My Students Are Not Me

Sometime in elementary school a teacher taught number bases. I was fascinated. It was interesting. It was fun. It made perfect sense to me. I spent hours converting numbers from one base to another. For some reason base 5 and base 7 struck me as a lot of fun. I played with Binary and Octal as well. It just came easy. Lately I have been teaching (or trying) Binary to my students in our Explorations in Computer Science class. My students are not (to no ones surprise) me.

Some of them get it quickly. Some of the get it after a bit. And some of them just seem to think I am crazy. I have to remind myself that not everyone sees things the same. I have a lot of Resources For Teaching Binary Numbers (that is one of my most read posts BTW) and I am using a number of them. There is no one right way that works for everyone. I think I’ll keep trying.

I’m teaching classes and objects to my programming class these days and seeing the same sort of thing. Some people get it right away while others struggle.

Honestly I struggled with some of the concepts for a while myself. This is a big topic and I find that different people struggle with difference aspects of it. Why do we send messages for example. (see Don’t Just Grab the Wheel, Ask the Driver to Turn) The difference between getting methods and setting methods for an other. Again what was easy for me may be hard for others. And what was hard for me may come easy for others. I have to remind myself of that. It’s not all me and it is not all them.

There is never one right way to introduce a concepts to students. This is seldom more true than with computer science topics. So many of them are very far outside of a student’s previous experience. They often don’t have a good context to start with. It is up to me as a teacher to provide some context, some purpose, and to try and find enough ways to explain things that most (shooting for all) of my students to “get it.”

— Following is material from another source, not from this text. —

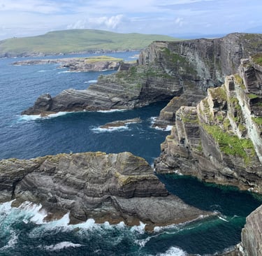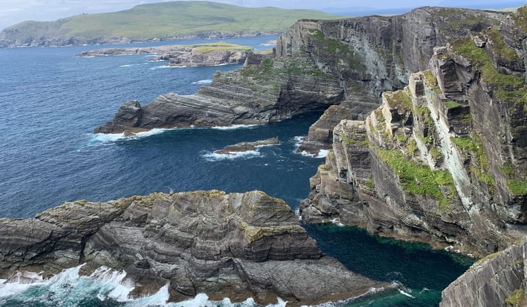 Moins fréquentées que les falaises de Moher, les Kerry Cliffs offrent une vue spectaculaire sur l’océan Atlantique et les Skellig Islands. Le vent puissant et la solitude du lieu m’ont donné une véritable impression de bout du monde.

This as much as anything else is why teaching is so hard for some many people. It is easy to fall into the trap of saying “This explanation worked for me so it should work for everyone.” Well I think I’ll go now. I’m going to look at a video that may help some of my students.

1 comment:

Michael S. Kirkpatrick said...

I love this. It reminds me of a conversation that I had recently with someone. I was arguing that teachers are not treated as professionals in this country, partially because most people don't know what teaching actually is. This person, in particular, was making points that fall into a view that I summarize as "teaching is tutoring at scale." That is, if you are a good tutor, you will be a good teacher; the only difference is that multiple students here your perfectly clear explanation instead of one at a time. I find this fundamentally flawed perspective to be very widespread among those who have never taught in a classroom. And you have presented the counterargument quite beautifully. My students are not me.

P.S. I discovered your blog via Mark Guzdial's, and I am glad to have found it.